• **Problem**: Beginning with the line containing "Learn how to" and going on through the line containing "исполнителя, а после", the lines below are to be returned exactly, pictures excluded and nothing added.

• **Data section**:
----
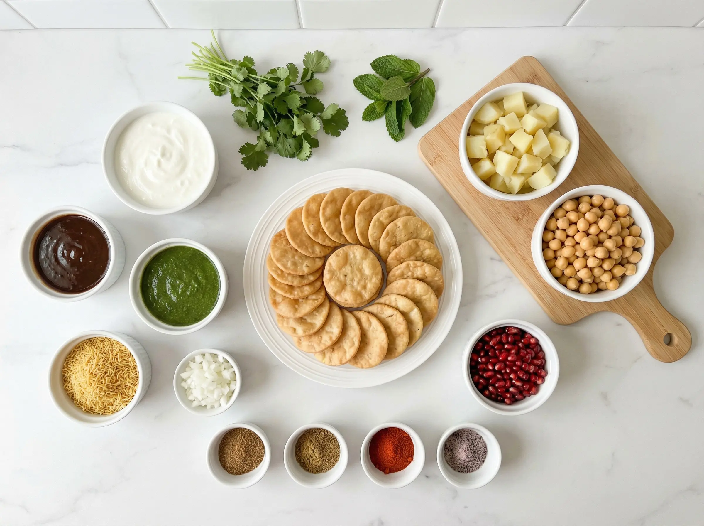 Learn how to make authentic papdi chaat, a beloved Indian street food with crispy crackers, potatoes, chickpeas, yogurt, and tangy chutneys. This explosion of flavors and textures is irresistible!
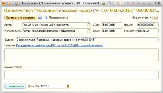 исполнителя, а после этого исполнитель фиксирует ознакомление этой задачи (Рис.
----
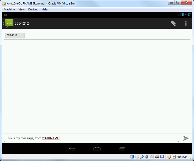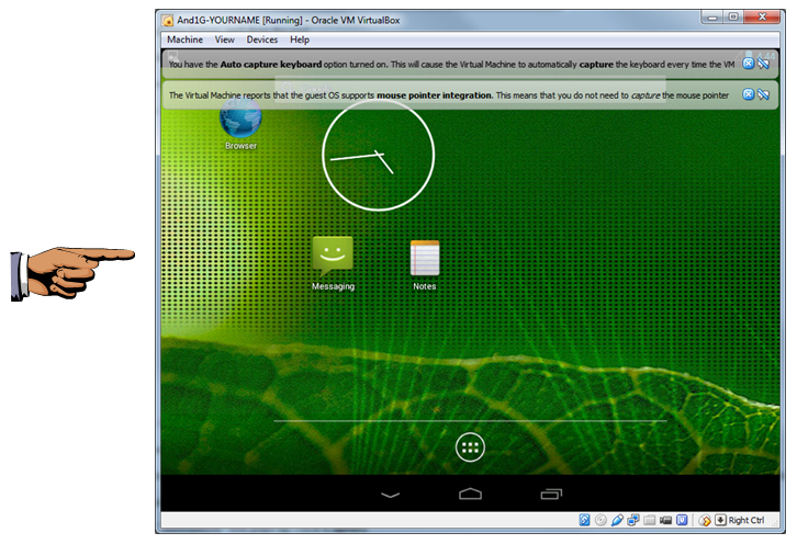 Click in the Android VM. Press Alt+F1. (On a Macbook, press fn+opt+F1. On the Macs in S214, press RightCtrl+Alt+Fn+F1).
----
• **Reply**:
 Learn how to make authentic papdi chaat, a beloved Indian street food with crispy crackers, potatoes, chickpeas, yogurt, and tangy chutneys. This explosion of flavors and textures is irresistible!
 исполнителя, а после этого исполнитель фиксирует ознакомление этой задачи (Рис.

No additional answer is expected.